Available records -

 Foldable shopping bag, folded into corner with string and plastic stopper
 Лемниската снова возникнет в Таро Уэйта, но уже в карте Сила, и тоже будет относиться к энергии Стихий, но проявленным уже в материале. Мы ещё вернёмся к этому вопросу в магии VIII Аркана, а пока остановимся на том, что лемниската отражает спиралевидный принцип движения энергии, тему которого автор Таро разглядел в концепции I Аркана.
---
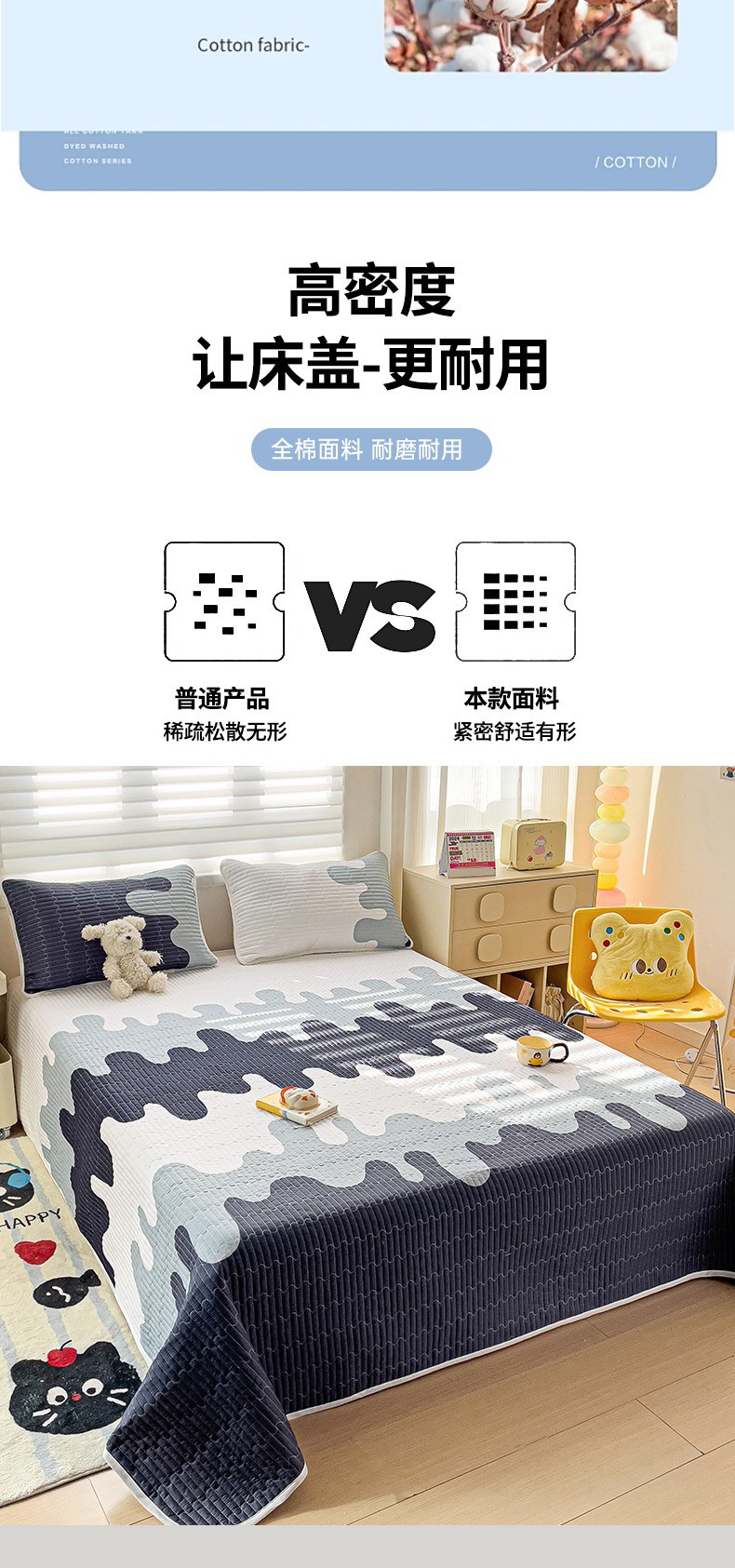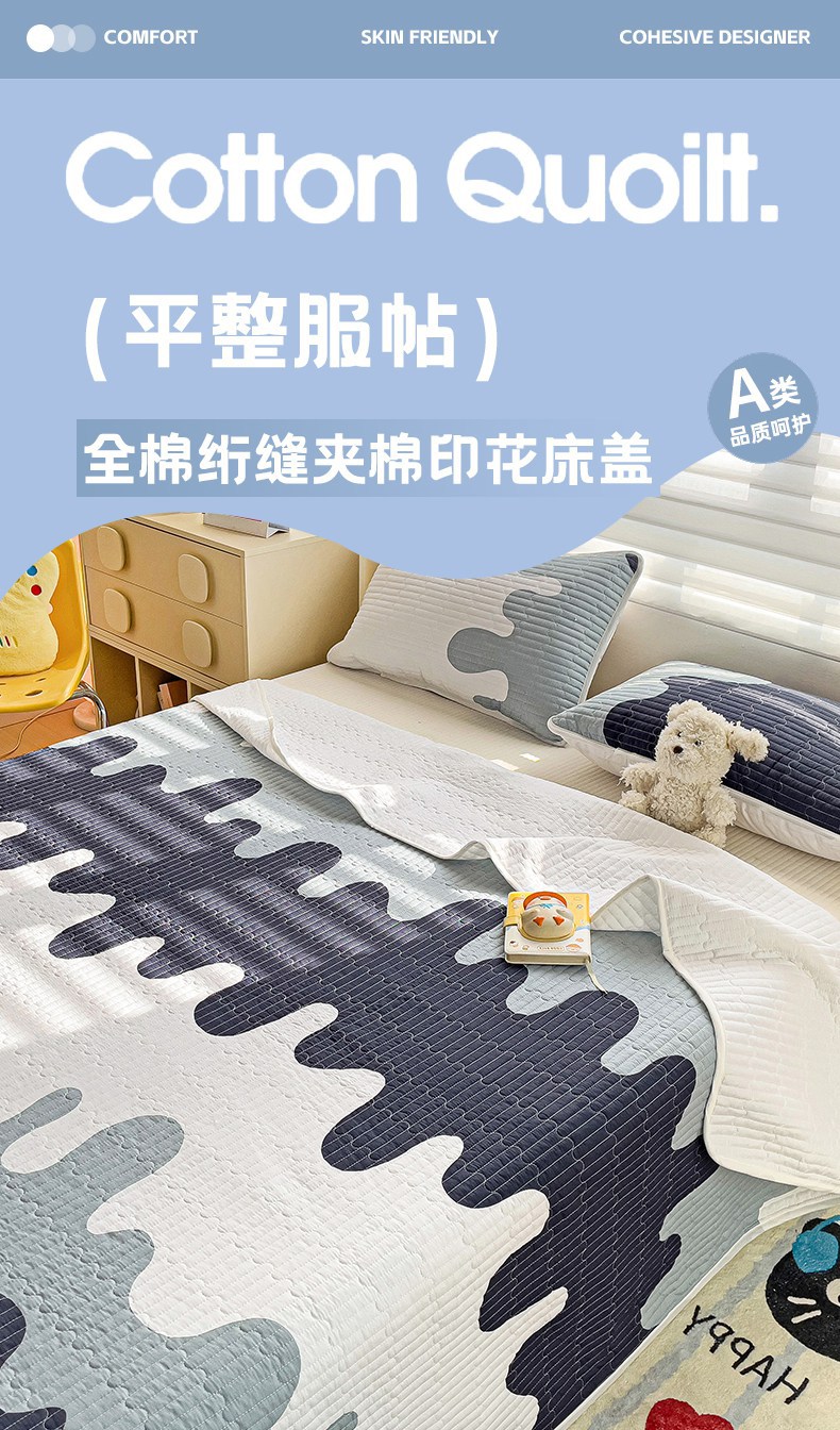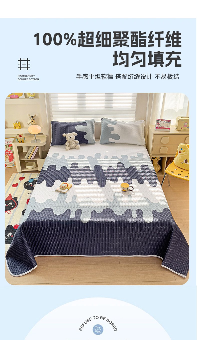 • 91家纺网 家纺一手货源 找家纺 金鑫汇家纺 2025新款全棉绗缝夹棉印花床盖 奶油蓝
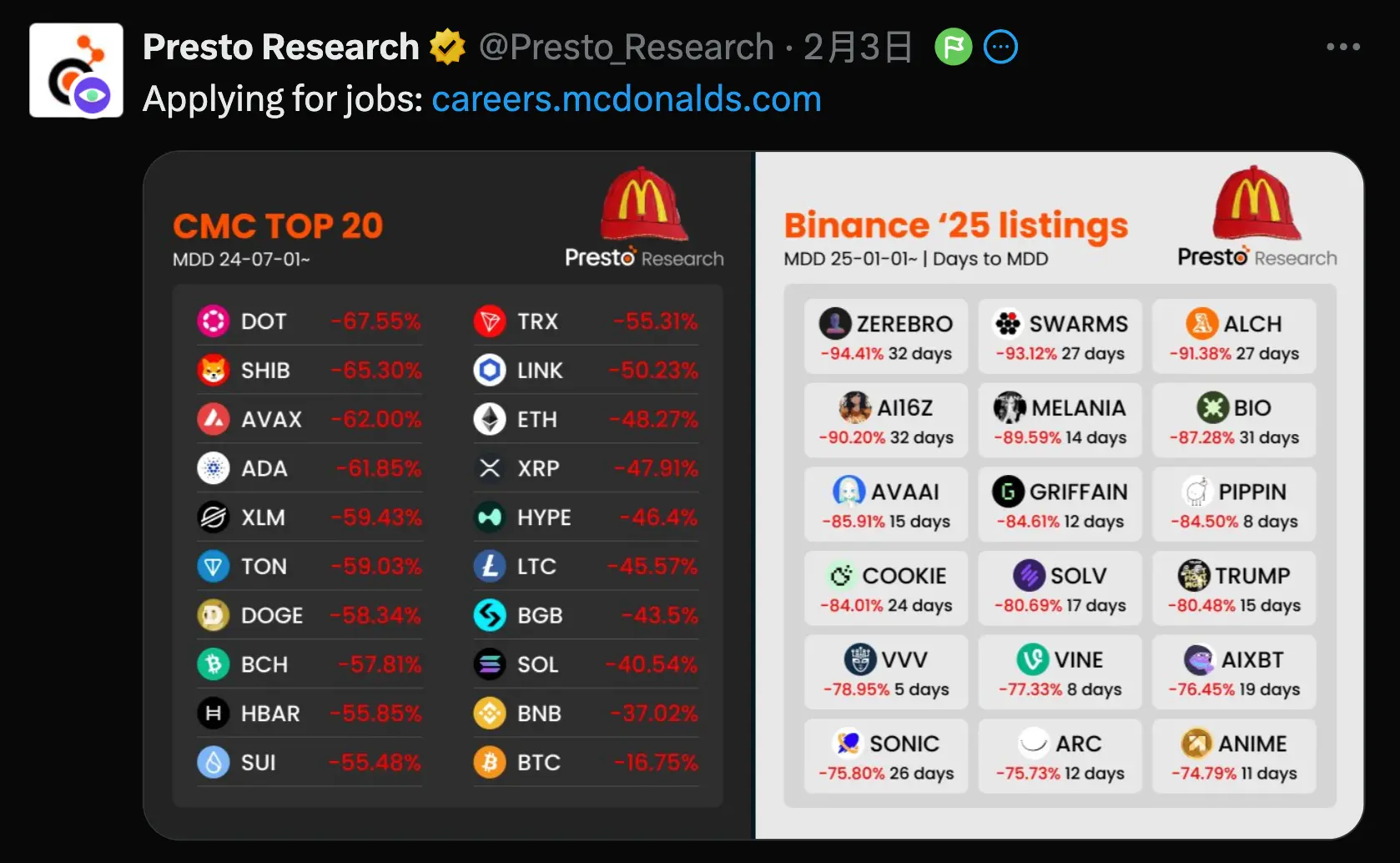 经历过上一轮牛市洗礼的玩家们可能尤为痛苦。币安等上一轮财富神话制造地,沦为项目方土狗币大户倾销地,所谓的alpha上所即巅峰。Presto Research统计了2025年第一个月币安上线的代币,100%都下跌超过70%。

What to produce - Reproduce exactly the lines above from the line with "Foldable shopping bag, folded" to the line with "Лемниската снова возникнет", including both, and add nothing.

Completed task -
 Foldable shopping bag, folded into corner with string and plastic stopper
 Лемниската снова возникнет в Таро Уэйта, но уже в карте Сила, и тоже будет относиться к энергии Стихий, но проявленным уже в материале. Мы ещё вернёмся к этому вопросу в магии VIII Аркана, а пока остановимся на том, что лемниската отражает спиралевидный принцип движения энергии, тему которого автор Таро разглядел в концепции I Аркана.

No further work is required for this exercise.